Первые девять детей короля Петра Коромысло – были сыновья. Старший сын уже своего сына нянчил, а младший еще в люльке лежал. Потом родилась девочка, которую назвали Настасьей. Ах, как была хороша эта девочка!.. Король Петр в ней души не чаял; мамкам-нянькам не доверял, сам дочурку носил на руках, когда она плакала. Девочка росла, а король ее нежил-баловал, игрушками и сладостями засыпал, любое исполнял ее желание. Король дочери своей служил! Но Настасья не была девочкой капризной, не была своенравной. Чрезмерная любовь короля ее не портила. Такой уж задумал ее Бог!
Когда исполнилось девочке лет двенадцать, появился у нее еще младший братик – последний ребенок в семье короля. Назвали его Михайлой. Очень был славный и этот ребеночек –чудный королевич. Пышно отмечали во дворце его рождение. В тронном зале послов принимали с многими дарами, а потом всех за столы звали. Гостей собралось – едва не тысяча. И свои бояре-князья, и иноземцы тесно сидели. Дети короля Петра Коромысло – во главе стола. В самой же середочке – дочка Настасьюшка с младенцем на руках.
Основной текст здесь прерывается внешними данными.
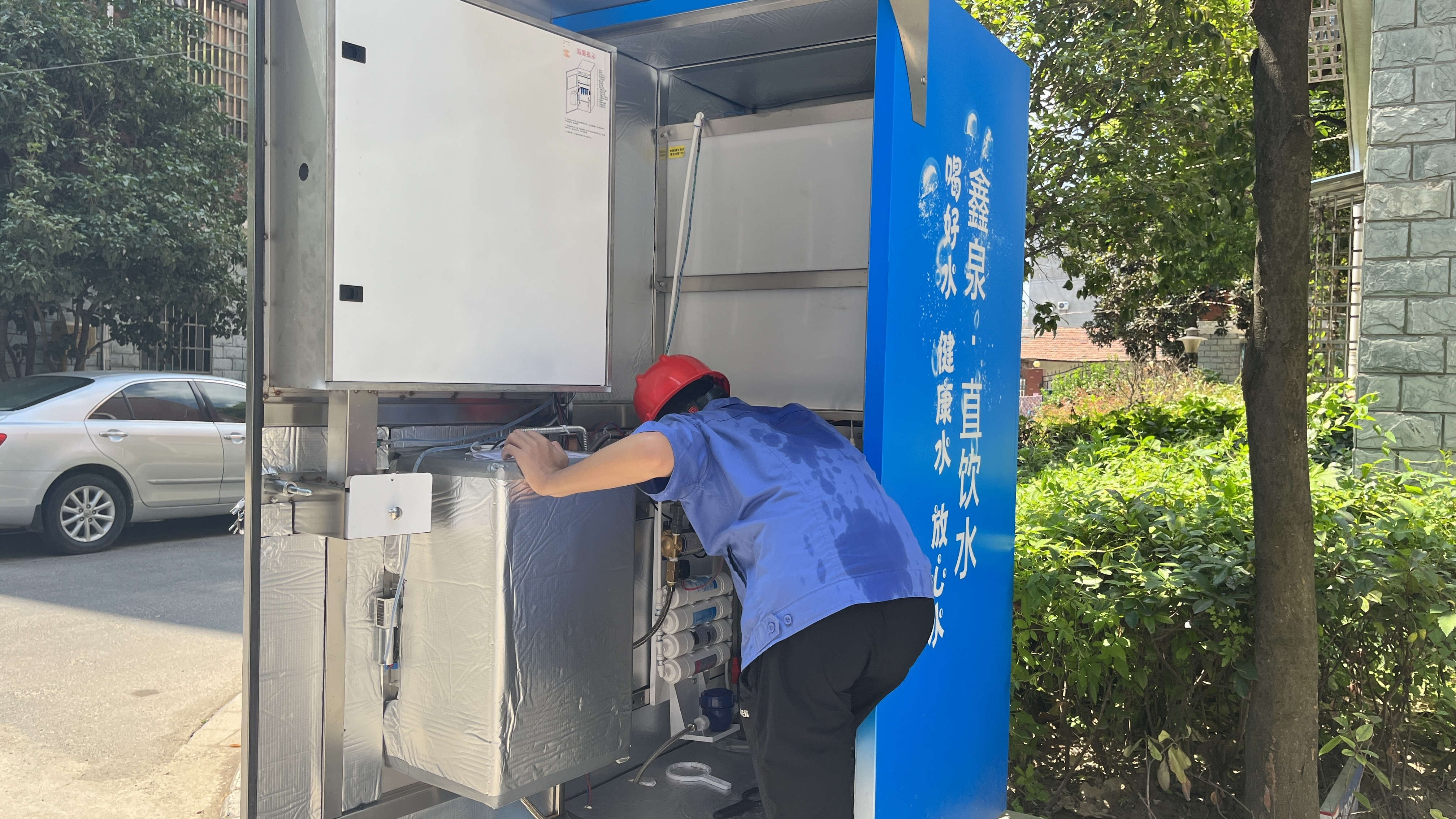 炎炎烈日下,滾滾熱浪中,荊州水務(wù)心泉公司運維部同事們奔走荊州城區(qū),穿梭大街小巷,為百姓們對直飲水水站和管道直飲水泵站進行一周一次的例行檢查和維保工作,他們以自己的實際行動,把愛民的答卷書寫在群眾眼里,鐫刻在百姓心中。
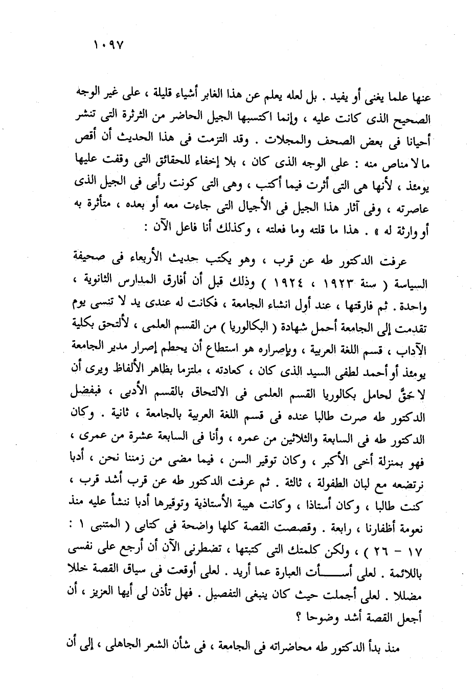 عرفت الدكتور طه عن قرب، وهو يكتب بحديث الأربعاء في صحيفة السياسة (سنة 1923، 1924) وذلك قبل أن أفارق المدارس الثانوية، واحدة. ثم فارقتها، عند أول إنشاء الجامعة، فكانت له عندي يد لا تنسى يوم تقدمت إلى الجامعة أحمل شهادة (البكالوريا) من القسم العلمي، لألتحق بكلية الآداب، قسم اللغة العربية، وبإصراره هو استطاع أن يحطم إصرار مدير الجامعة يومئذ أو أحمد لطفي السيد الذي كان، كعادته، ملتزما بظاهر الألفاظ ويرى أن لا حَقَّ لحامل بكالوريا القسم العلمي في الالتحاق بالقسم الأدبى، فبفضل الدكتور طه صرت طالبا عنده في قسم اللغة العربية بالجامعة، ثانية. وكان الدكتور طه في السابعة والثلاثين من عمره، وأنا في السابعة عشرة من عمرى، فهو بمنزلة أخي الأكبر، وكان توقير السن، فيما مضى من زمننا نحن، أدبا نرتضعه مع لبان الطفولة، ثالثة. ثم عرفت الدكتور طه عن قرب أشد قرب، كنت طالبا، وكان أستاذا، وكانت هيبة الأستاذية وتوقيرها أدبا ننشأ عليه منذ نعومة أظفارنا، رابعة. وقصصت القصة كلها واضحة في كتابي (المتنبي 1: 17 - 26)، ولكن كلمتك التي كتبتها، تضطرنى الآن أن أرجع على نفسي باللائمة. لعلى أسأت العبارة عما أريد. لعلى أوقعت في سياق القصة خللا مضللا. لعلى أجملت حيث كان ينبغي التفصيل. فهل تأذن لي أيها العزيز، أن أجعل القصة أشد وضوحا؟
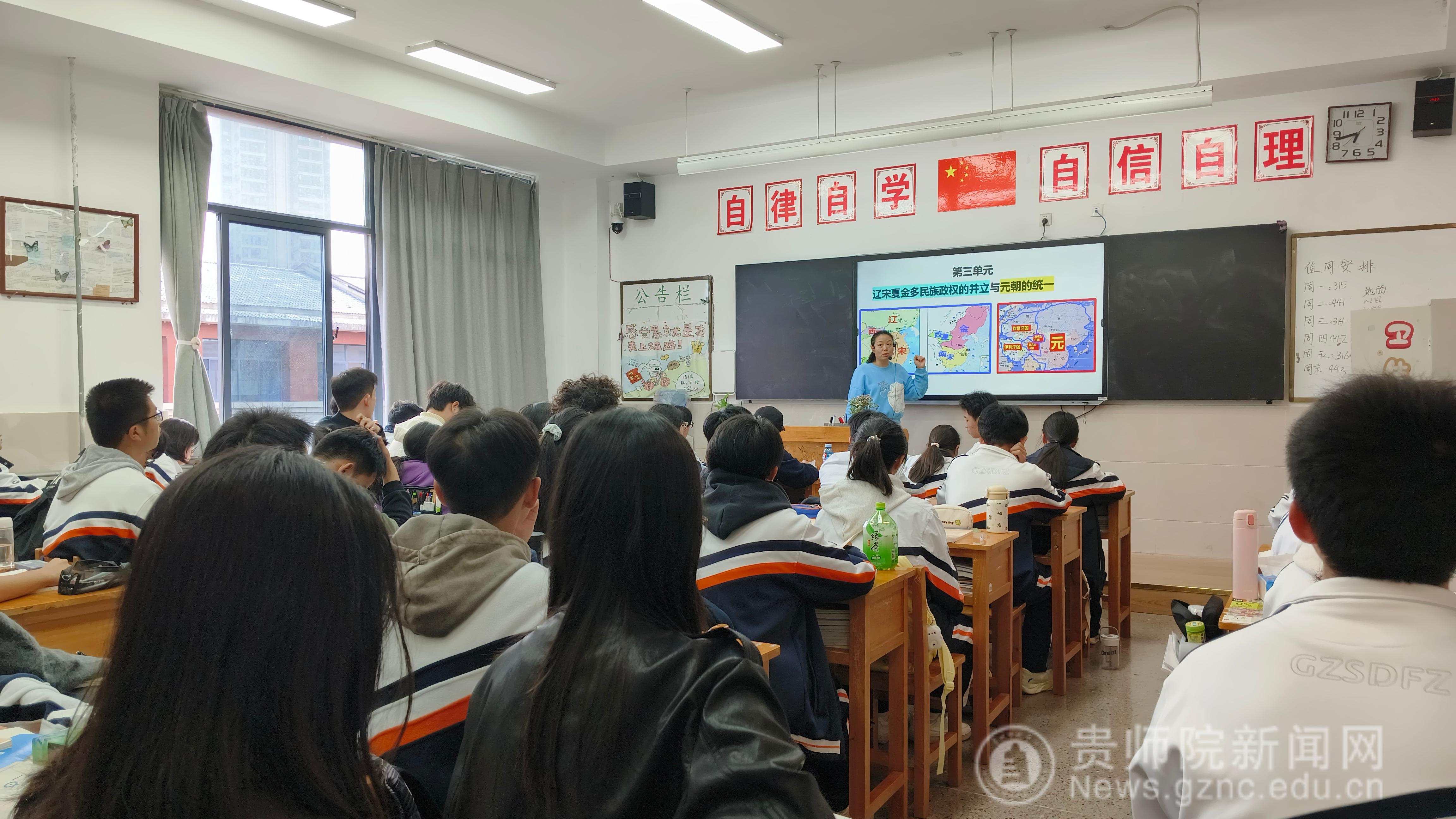 本网讯 10 月 28 日,贵州师范学院历史与档案学院历史系 2023 级 106名师范生(含优师生)赴贵州师范大学附属中学(花溪大学城校区)开展学习实践活动。此次实践依托《学科课程与教学论》课程的‘课堂观摩 — 教研交流’实践模块,由历史系系主任、课程实践指导教师梁中美,与优师生项目负责人朱更勇带队,搭建起高校师范教育与基础教育协同衔接的实践育人桥梁。

Вдруг в самый разгар пира забрела во дворец старуха-нищенка. Мимо стражников прошла – не видели ее стражники; прошла мимо псов цепных – псы ее не учуяли; в двери не стучала золотые, сквозь них прошла. По лестнице, покряхтывая, поднималась.
Пир горой идет – шум, веселье. На старуху никто не глядит, слуги стороной ее обходят. А она к середочке стола направляется, на клюку кривую опирается.
Стала старуха возле короля, говорит ему негромко:
– Что веселишься, Петр Коромысло?
Сразу стихли гости, старуху услышали.
Удивился король:
– Как очутилась здесь эта нищенка? Почему пропустила стража? Почему псы ее не разорвали?.. Эй, слуги! Кто открыл ей золотую дверь?
Рассмеялась-раскаркалась старуха:
– Никто меня не пропускал, глупый король! Разве спрашивает разрешения у стражи ветер?.. И псы твои меня разорвать не могли! Разве могут они ухватить зубами лунный свет? И дверь золотая для меня не преграда – никакие запоры и замки не удержат мысль провидца...
– Кто ты, старуха? – побледнел король. – Что ты хочешь?
– Полно глупости говорить! – усмехнулась нищенка. – Разве спрашивают у судьбы, кто она? И разве судьба что-нибудь хочет? Она просто есть...
Посмотрела здесь старуха на Настасьюшку с младенцем-братиком. Холодные искорки сверкнули у колдуньи в глазах. Губы опять искривились в усмешке:
– Невеста нянчит жениха!.. Столько лет я живу, а все не перестаю удивляться. Чего только не случается на белом свете!..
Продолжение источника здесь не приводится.